Experimental evidence has helped to solidify the mindset that biology is an engineering substrate like any other and the work is now centered on creating standardized tools that are useful and reliable in an experimental setting. The metaphor is very much that of computing: just as most contemporary software developers work at high levels of abstraction and need not concern themselves with the 1s and 0s of machine language, in the future, synthetic biology programmers would not need to work directly with the Ac, Cs, Gs and Ts of DNA or understand the architecture of promoters, terminators, open reading frames and such. However, with synthetic biology being in its early stages, the groundwork to define and assemble these abstraction layers is currently at task.

Status of DNA synthesis
At present, the DNA synthesis process is relatively unautomated, unstandardized and expensive ($0.50-$1.00 per base pair (bp)); it would cost $1.5-3 billion to synthesize a full human genome. Synthesized DNA, which can be ordered from numerous contract labs such as DNA 2.0 in Menlo Park, CA and Tech Dragon in Hong Kong, has been following Moore’s Law (actually faster than Moore’s Law Carlson Curves doubling at 2x/yr vs. 1.5x/yr), but is still slow compared to what is needed. Right now short oligos, oligonucleotide sequences up to 200 bp, can be reliably synthesized but a low-cost repeatable basis for genes and genomes extending into the millions of bp is needed. Further, design capability lags synthesis capability, being about 400-800-fold less capable and allowing only 10,000-20,000 bp systems to be fully forward-engineered at present.

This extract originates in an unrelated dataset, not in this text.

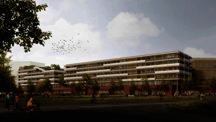 Das Schulgebäude mit integrierter Kita besteht aus 2 Gebäudeteilen, die mit einem Verbindungsbau gekoppelt sind. Die Schule besteht aus 5 Obergeschossen, einem Erdgeschoss und einem Untergeschoss für Technikflächen und Fahrradstellplätzen. Der dreigeschossige Sporthallenkomplex beinhaltet Einfeld-, Zweifeld- und Dreifeldsporthallen übereinander. Das Schulgebäude wird als Holzhybridbauweise errichtet, die Klassenzimmerbereiche erhalten Holzbetonverbunddecken, lediglich die Flurbereiche und Erschließungskerne werden in Stahlbeton hergestellt. Die Außenstützen werden als Holzstützen errichtet. Alle Holzbauteile werden mittels Heißbemessung nachgewiesen. Ab dem 1.OG nach unten wird das Tragwerk vollständig in Massivbauweise errichtet. Im Sporthallenkomplex kommen Stahlverbundträger zum Einsatz, sonst wird Stahlbeton eingesetzt. Die Dachkonstruktion ist als leichte Stahlkonstruktion mit einer Dachhaut aus Trapezblech geplant. Das Gebäude wird als Sonderbau in Gebäudeklasse 5 eingestuft. Für die Bewertung der Holzhybridkonstruktion mit vorgesetzter Holzfassade wird die Musterholzbaurichtlinie in Anwendung gebracht.

So far, practitioners have organized the design and construction of DNA into four hierarchical tiers: DNA, parts, devices and systems. The status is that the first two tiers, DNA and parts (simple modules such as toggle switches and oscillators), are starting to be consistently identified, characterized and produced. This is allowing more of an upstream focus on the next two tiers, complex devices and systems, and the methodologies that are needed to assemble components together into large-scale structures, for example those containing 10 million bp of DNA.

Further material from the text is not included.